It's like this.

I didn't have any problems to prove some of definitions of sequences like :

$\displaystyle lim_{n->+\infty}{(ax_n+by_n)}=ax+by$

Let

$\displaystyle lim_{n->+\infty}{x_n}=x$

and

$\displaystyle lim_{n->+\infty}{y_n}=y$

for any $\displaystyle \xi>0$. Starting from some index $\displaystyle n_1$ every member of sequence $\displaystyle (x_n)$ are in $\displaystyle \xi$-region of point x. Same, from some index $\displaystyle n_2$ every member of sequence $\displaystyle (y_n)$ are in $\displaystyle \xi$-region of point y.

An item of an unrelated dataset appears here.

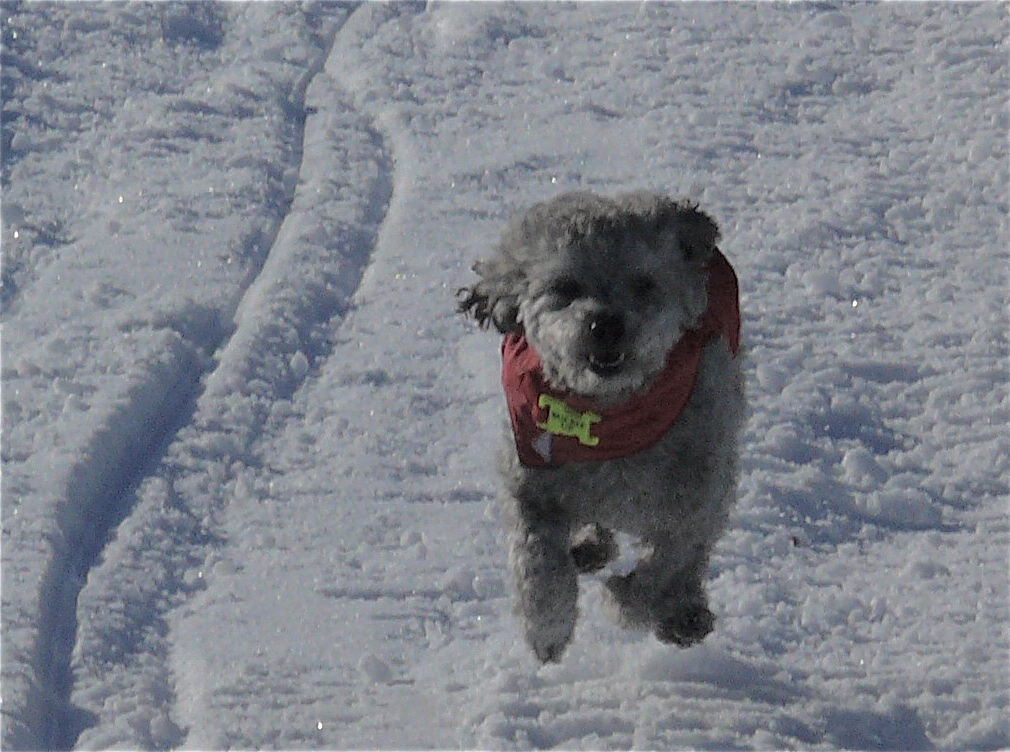 Reaching an open meadow we find a clump of the calming geese feeding alongside the trail ahead. They are all business at first but then one of their unit stops feeding to watch our approach. Aki, no fool she, is not interested in messing with these big wild birds. Even though we try skirting them at a distance, the geese eventually take flight and move on to the next tidal meadow. Now we hear geese warning calls coming from across the river, giving advanced warning of the approach of several formations of Canada Geese that fly overhead to join their just departed buddies 300 meters away on the other meadow.

If we put $\displaystyle n_0=max {\{n_1 ,n_2 \}}$ then for every $\displaystyle n >= n_0$ these inequality are true :

$\displaystyle |x_n-x|<\xi$ and $\displaystyle |y_n-y|<\xi$

so from inequality of triangle for $\displaystyle n >= n_0$ we have:

$\displaystyle |ax_n+by_n-(ax+by) |=|ax_n-ax+by_n-by|\le |a||x_n-x|+|b||y_n-y| \le (|a|+|b| )\xi$

Because $\displaystyle (|a|+|b|)$ is fix real number and $\displaystyle \xi$ any small number so it's $\displaystyle (|a|+|b| )\xi$ any small number so there we have that is:

$\displaystyle lim_{n->+\infty}{(ax_n+by_n)}=ax+by$

true.

This and some another I got it OK

But I can't,

or don't see how to prove (or show) that sum of two null-sequences are again null-sequence (and difference of two sequences) becose it's to obviously.